Read on: https://github.com/xodio/xod-xens/tree/master/XEN-L001

Are there details that could be added for format-hex? For example, is the output really RGB in the format “RRGGBB”? If not, how are the values determined?

If it is RGB, a corresponding function to convert to color would probably be useful. For people who want a specific color, having to convert 0-255 to 0-1 is going to be a pain. You need to keep node to convert 0-1 range to color for those who want to use POTs or other built-ins to select color.

Thanks for the feedback!

Yes, format-hex just outputs a six-character string without any possible adjustment. It exists as a tool to quickly observe a result as text (for watch, LCD, serial) created by, say, potentiometers. A final resort for human-to-human and device-to-human communication. That’s it.

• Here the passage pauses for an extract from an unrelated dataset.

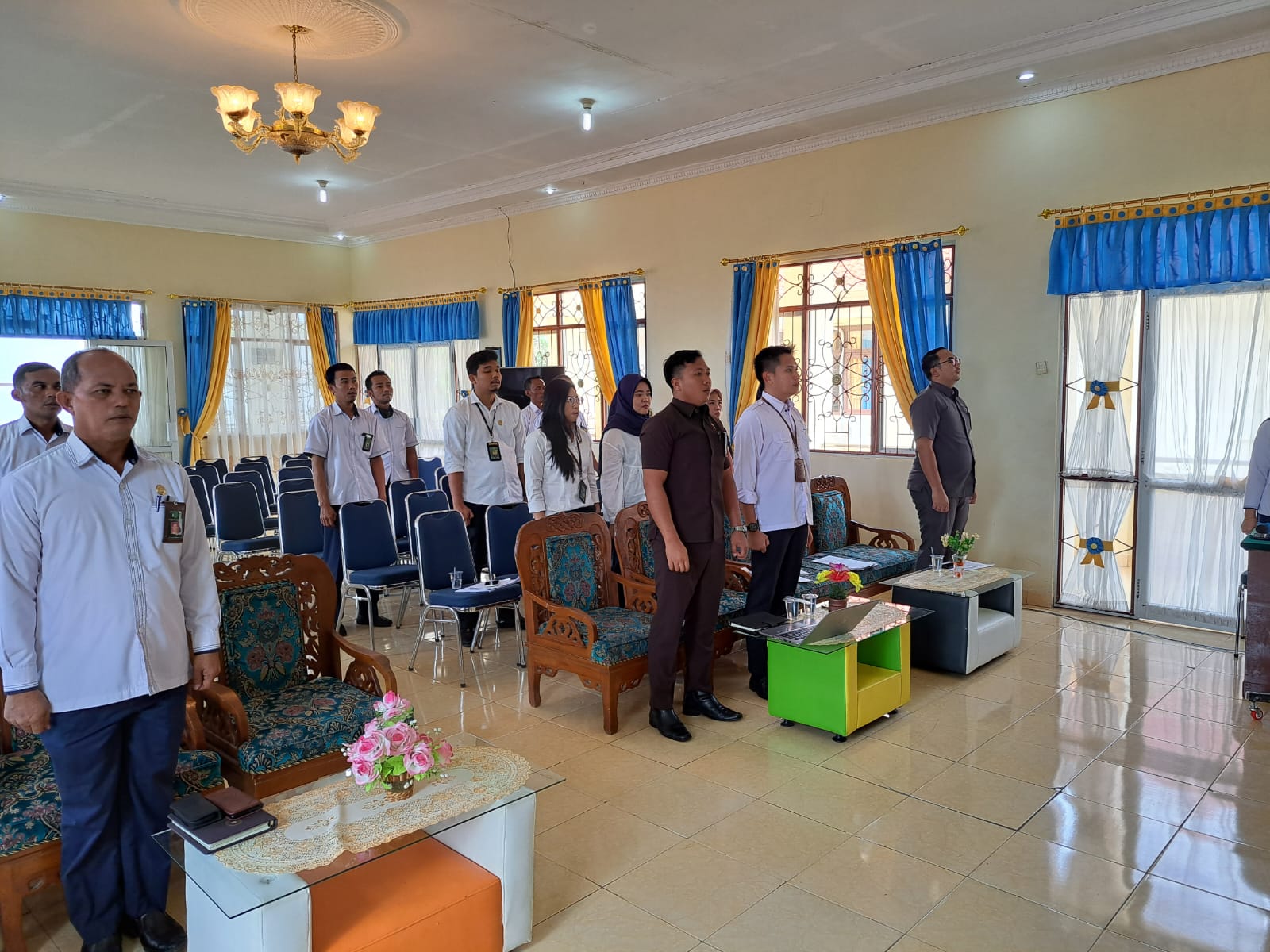 Kota Agung, 14 November 2022 | Dalam rangka pembinaan dan pengawasan di Pengadilan Negeri Kota Agung pada hari Senin, 14 November 2022 telah dilaksanakan rapat rutin bulanan antara Pimpinan Pengadilan Negeri Kota Agung dengan seluruh Hakim, Panitera, Sekretaris, Panmud, Kasubbag, Panitera Penganti, Juru Sita, dan seluruh staf pada Pengadilan Negeri Kota Agung yang bertempat di ruang Aula Pengadilan Negeri Kota Agung. Rapat bulanan bulan Oktober dipimpin langsung oleh Ketua Pengadilan Negeri Kota Agung YM Ari Qurniawan, S.H., M.H. sekaligus menjadi pemberi materi di rapat bulanan. Acara diawali dengan menyanyikan lagu Indonesia Raya berikut Hymne Mahkamah Agung, dan Doa yang dibacakan oleh Bapak Agung Dwi Winarno. Selanjutnya, Hakim pengawas bidang membacakan laporan di bulan Oktober mulai dari Kepaniteraan Perdata, Hukum, Pidana, Subbag Umum Keuangan, Ortala, dan PTIP. dan pemberian Reward PTSP bulan ini diberikan kepada Bpk.Sapri, A.Md

Do you mean that the [0; 1] range is so uncommon for colors that we also should provide nodes to pack/unpack color from/to three 0-255 values? I tend to agree actually, but, but, but… Isn’t the hex form (#fd7412) is even more widespread? Regardless of what’s more popular (0-255 triple or hex), how does it matter? Are xoders going to find a color in the internet or graphical editor and then try to output it on a LED strip?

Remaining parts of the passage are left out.